Detailed Description
[0005] A high performance sparse file (or other kind of thin provisioned) storage system is described herein.
[0006] Referring to Fig. 1, as is known in the art, a sparse file can be a single file 101 whose storage resources are broken down into smaller units of storage, referred to as "stripes" 102_1 through 102_N. Individual stripes 102_1, 102_2, . . . 102_N within the file 101 are uniquely identified by an offset. Sparse files have been used to make more efficient use of physical storage resources. For example, stripes that are actually written to contain their respective
data in physical storage, while, stripes that have not been written to do not consume any physical storage resources. As such, the size of the overall file 101 is reduced as compared to a traditional file (in which physical storage resources sufficient to the entire file had to be allocated or otherwise reserved).
[0007] Thin provisioning generally refers to storage systems whose file structures are designed to consume less storage space than what their users believe has been allocated to them by breaking down units of storage (e.g., files) into smaller pieces (e.g., stripes) that can be uniquely accessed, written to and read from. If a smaller piece is not actually written to, it consumes little/no physical storage space thereby conserving physical storage resources.
[0008] For the sake of illustrative convenience, the following discussion will pertain mainly to sparse file system implementations. However, the reader should understand the discussion herein is applicable at least to thin provisioned systems other than sparse file systems.
[0009] In the case of high performance (e.g., data center) environments, certain sparse files, their individual stripes, or even certain sections of a particular stripe, may be more frequently accessed than other sparse files, stripes or sections of a same stripe. As such, caching is a desirable feature of a high performance sparse file system.
[0010] Moreover, multiple users (e.g., client applications) may concurrently desire to access the same sparse file, stripe and/or stripe section. As such, locking or other cache coherency function is also a desirable feature of a high performance sparse file system.
[0011] Further still, certain users may desire advanced storage system functions that run "on top of" the file system such as mirroring (which duplicates data, e.g., for reliability reasons (protects against data loss) or performance reasons (e.g., in the case of a read-only data)) and snapshots (which preserves a certain state of the storage system or smaller component thereof).
[0012] Even further, it is often desirable that certain meta data be tracked for the files, stripes and/or sections of a stripe (hereinafter, "sections") within a sparse file system. For example, some indication of the file's/stripe's/section's content (e.g., its textual content, its image content, etc.), size, time of last access, time elapsed since last access, time of last write, whether the file/stripe is read-only, etc. is tracked. Here, e.g., each time a file/stripe/section is accessed or updated (written to), its meta data is updated. Moreover, certain functions can execute on top of the meta data such as a search function (e.g., that can find files/stripes/sections whose meta data meets a certain search criteria).

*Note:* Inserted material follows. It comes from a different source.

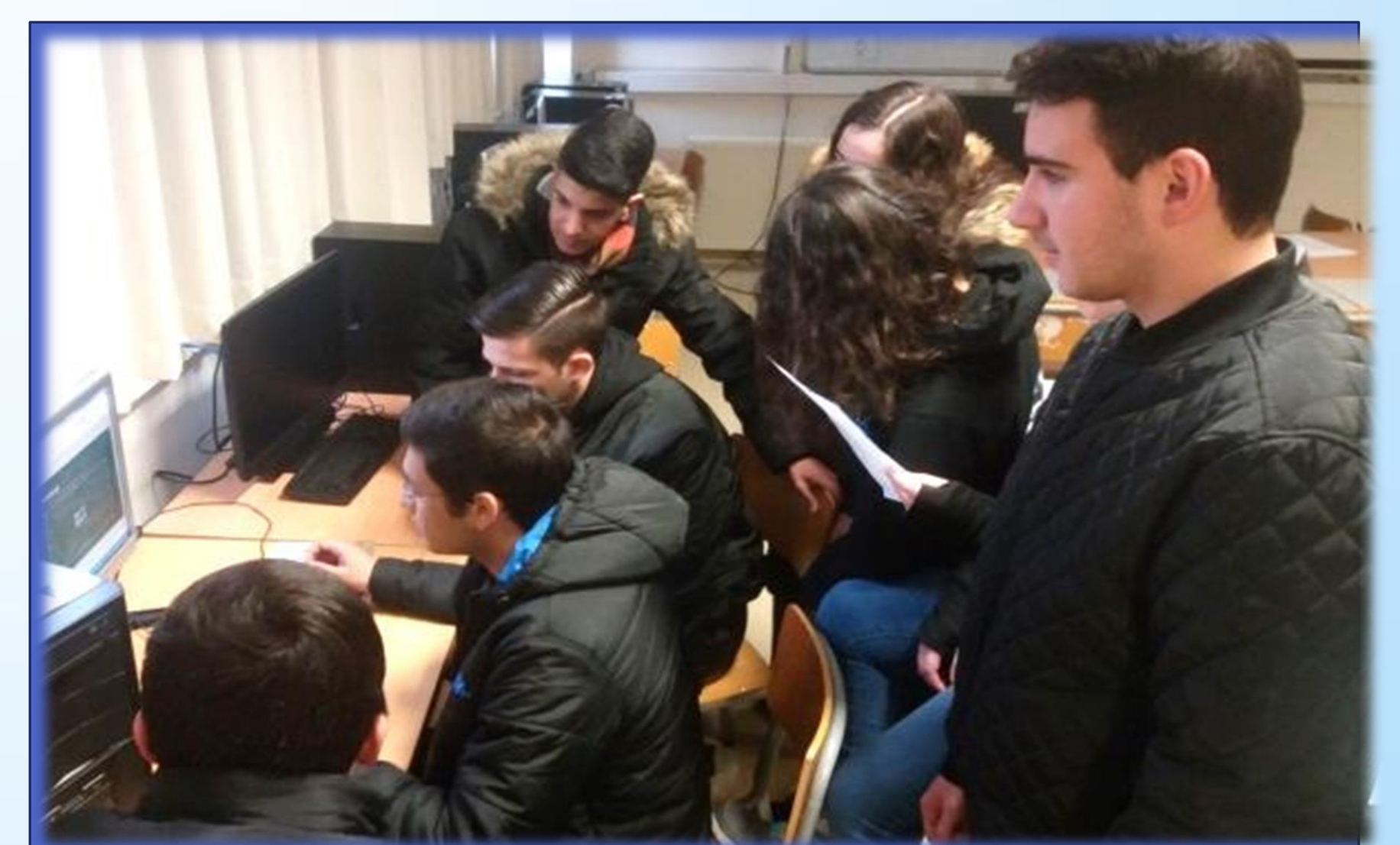
Φωτογραφία από τις δράσεις του Τμήματος Γ1 Θέμα δράσης: Πώς θέλουμε το Σχολείο μας; Διεξαγωγή ερευνητικής εργασίας

[0013] Finally, different types of cloud services are readily available to those who implement or use high performance storage systems (such as data center administrators). A cloud service provider typically provides some kind of computing component (e.g., CPU processing power, storage, etc.) that is accessible through a network such as the Internet.
Here, the different types of cloud services that are commonly available can exhibit different kinds of performance and/or cost tradeoffs with respect to their role/usage within a sparse file storage system.
[0014] Fig. 2 shows a new sparse file storage system architecture 200 that uses different kinds of cloud services 201, 202, 203 to strike an optimized balance between the associated tradeoffs of the cloud services 201, 202, 203 and the role they play in the overall sparse file storage system 200.
[0015] In the particular example shown in Fig. 2, the three different kinds of cloud services 201, 202, 203 include: 1) an "execution" or "compute engine" cloud service 201 that is used as a front end to receive user requests and execute the logic of the one or more aforementioned higher level functions such as caching, cache coherency, locking, snapshots, mirroring, etc.; 2) a database cloud service 202 that is used to keep meta data for individual sparse files and/or their respective stripes and/or individual sections of sparse files; and, 3) a storage cloud service 203 that stores individual stripes as units of stored data (stripes are uniquely call-able in cloud storage service 203).
[0016] Here, the first cloud service 201 is implemented with a scalable compute engine cloud service. As is known in the art, a compute engine cloud service essentially dispatches or otherwise allocates central processing unit (CPU) compute power to users of the cloud service 201. Examples include Amazon Elastic Compute Cloud (Amazon EC2), the Google Cloud Compute Engine and the compute services of Microsoft's Azure web services platform.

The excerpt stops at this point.